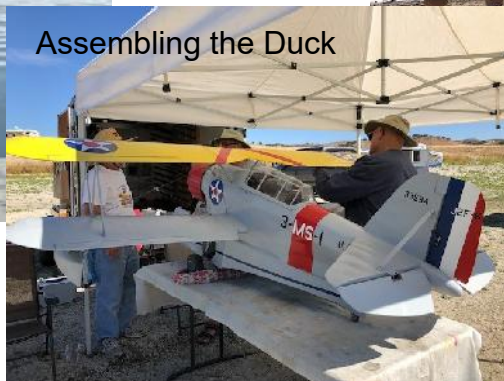
Assembling the Duck
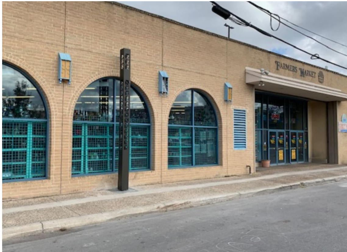
Pedestrian lighting at Farmers Market
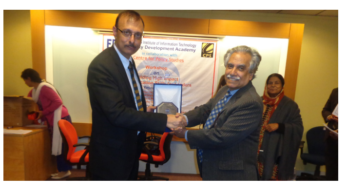
A workshop on 'Building High Impact Communication Skills for Leaders' in collaboration with Centre for Policy Studies (CPS) held at Islamabad from January 23 – 24, 2017
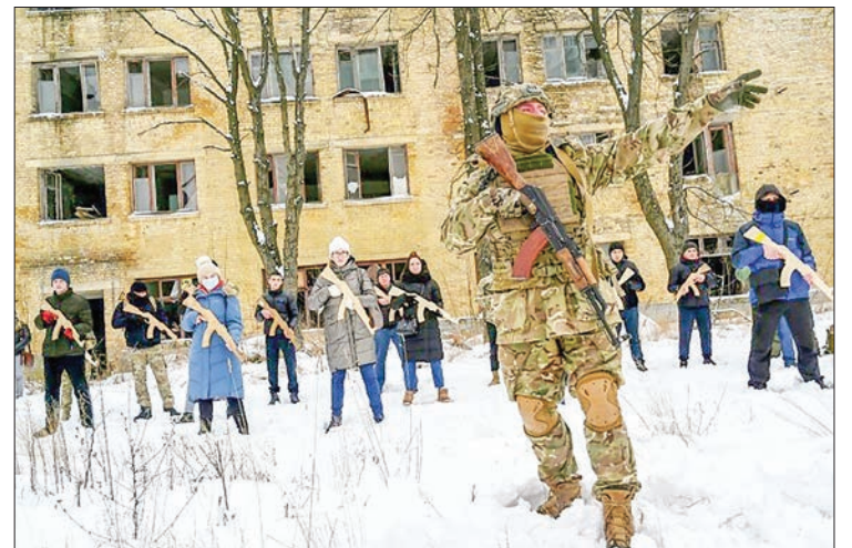
A military instructor teaches civilians holding wooden replicas of Kalashnikov rifles in the Ukrainian capital Kyiv.

Russian Foreign Minister Sergei Lavrov and US Secretary of State Antony Blinken will hold fresh telephone talks on Ukraine Tuesday. Tensions between the two countries have skyrocketed in recent weeks as the US accuses Moscow of planning an imminent invasion of Ukraine. The White House said Monday that it is ready to impose sanctions on President Vladimir Putin's "inner circle" if an attack on Ukraine

○ ○ ○ ○ ○ ○ ○

> ASSIGNMENT
Reproduce every record above exactly, omitting the pictures.

> COMPLETED EXERCISE
Assembling the Duck
Pedestrian lighting at Farmers Market
A workshop on 'Building High Impact Communication Skills for Leaders' in collaboration with Centre for Policy Studies (CPS) held at Islamabad from January 23 – 24, 2017
A military instructor teaches civilians holding wooden replicas of Kalashnikov rifles in the Ukrainian capital Kyiv.

Russian Foreign Minister Sergei Lavrov and US Secretary of State Antony Blinken will hold fresh telephone talks on Ukraine Tuesday. Tensions between the two countries have skyrocketed in recent weeks as the US accuses Moscow of planning an imminent invasion of Ukraine. The White House said Monday that it is ready to impose sanctions on President Vladimir Putin's "inner circle" if an attack on Ukraine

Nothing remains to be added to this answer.